Inside this boundary, exponential scaling prevents the harsh jumps and oscillations that occurred with fixed-rate adjustments. As the signal approaches the target, the slowdown increases to reduce the AGC rate of change and produce smoother behaviour. Outside this zone, the AGC uses normal responsiveness, which allows for more rapid correction when needed. The tolerance window is bounded by the combined RMS+peak metric.

By managing these ranges, the system enables faster attack times without flattening audio dynamics. Previously, aggressive speeds would normalise all sounds to a flat line. Now the AGC can accelerate adjustments when far from the target but slows down exponentially as it approaches the goal. This preserves audio depth while maintaining stability: quick reactions when needed, with gradual stabilisation near the final level, preventing gain overshoot and sudden volume spikes that can occur with fixed-rate adjustments.

update_peak_level Optimisation

This function was a performance hotspot due to per-sample allocation and branching. Previously, we computed a conditional coefficient for each sample: a fast attack coefficient (0.0) when the sample exceeded the peak, and a slow release coefficient otherwise.

I've replaced this with a branchless implementation that uses a fixed release_coefficient (which is always cached), eliminating the per-sample if branch and allocation.

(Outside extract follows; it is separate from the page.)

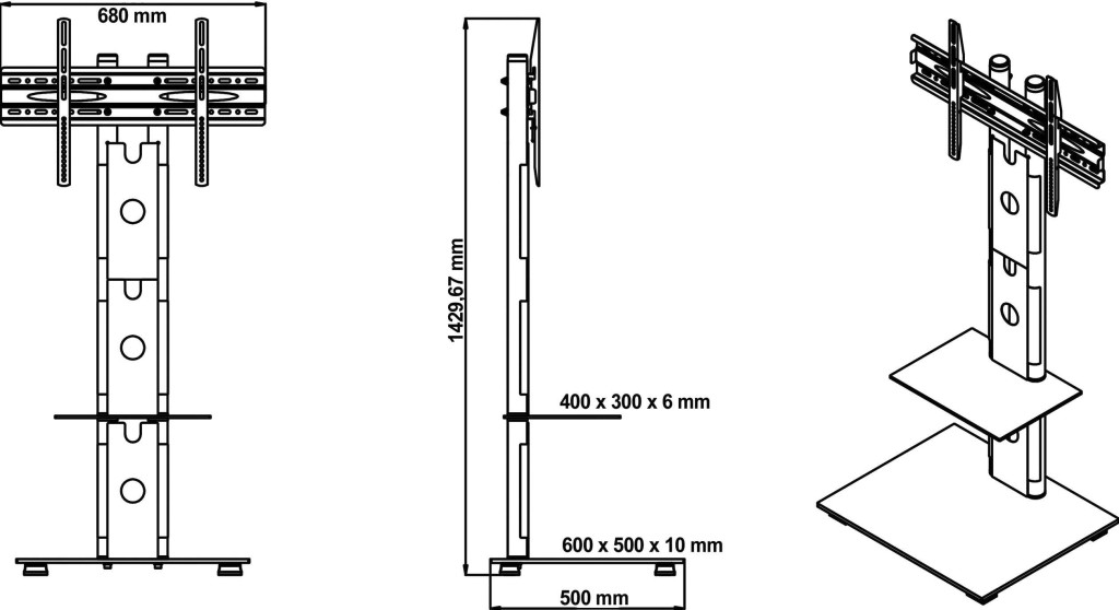 Műszaki adatok: Alkalmas a következő kijelző méretekhez: 81,3 cm (32"), 94,0 cm (37"), 101,6 cm (40"), 106,7 cm (42"), 109,2 cm (43"), 116,8 cm (46"), 119,4 cm (47"), 127,0 cm (50"), 129,5 cm (51"), 134,6 cm (53"), 139,7 cm (55"), 152,4 cm (60"), 160,0 cm (63"), 165,1 cm (65") · Anyag: Vas, üveg · Döntési tartomány (felfelé): 0 ° · Döntési tartomány (lefelé): 0 ° · Forgatás: 0 ° · Forgatási tartomány (balra): 0 ° · Forgatási tartomány (jobbra): 0 ° · Gyártói szín: Fekete · Gáznyomásos technológia: Nem · Méret, magasság: 93 cm · Méret, mélység: 10 cm · Méret, szélesség: 54 cm · Padló/mennyezet távolsága (max.): 1320 mm · Padló/mennyezet távolsága (min.): 1320 mm · Súly: 18.4 kg · Tartó kivitel: Merev · Tartóerő (max.): 40 kg · VESA szabvány: 300 x 300 mm, 300 x 400 mm, 400 x 200 mm, 400 x 300 mm, 400 x 400 mm, 500 x 350 mm, 500 x 400 mm, 600 x 200 mm, 600 x 300 mm, 600 x 400 mm

Before (Slow, Branching + Allocation):

// This was allocating each sample
let coeff = if sample_value > self.peak_level {
    // Fast attack for rising peaks
    0.0
} else {
    // Slow release for falling peaks
    release_coeff
};

Other changes in this PR

  • CircularBufferRMS now uses sum-of-squares internally and is cleaned up.
  • Attack and release times are now raw floats instead of coefficients.
  • Added div_or_fallback helper to safely divide by non-NaN, non-infinite, positive values.
  • NaN guards added to RMS and peak logic to prevent either from getting corrupted.
  • Added fast_exp helper using Horner's method for exp(x) approximation in compute_slowdown_factor.

Benchmarks

Benchmarks before:

Timer precision: 20 ns
effects         fastest       │ slowest       │ median        │ mean          │ samples │ iters
├─ agc_enabled  12.38 ms      │ 13.49 ms      │ 12.48 ms      │ 12.54 ms      │ 100     │ 100

Benchmarks after the changes and redesign:

Timer precision: 20 ns
effects         fastest       │ slowest       │ median        │ mean          │ samples │ iters
├─ agc_enabled  9.145 ms      │ 12.98 ms      │ 9.209 ms      │ 9.408 ms      │ 100     │ 100

Concerns

The Libopus decoder can output samples above 1.0, such as 1.1, 1.064, and similar values, for both RMS and peak readings depending on the track. This behaviour is not observed with the FLAC decoder.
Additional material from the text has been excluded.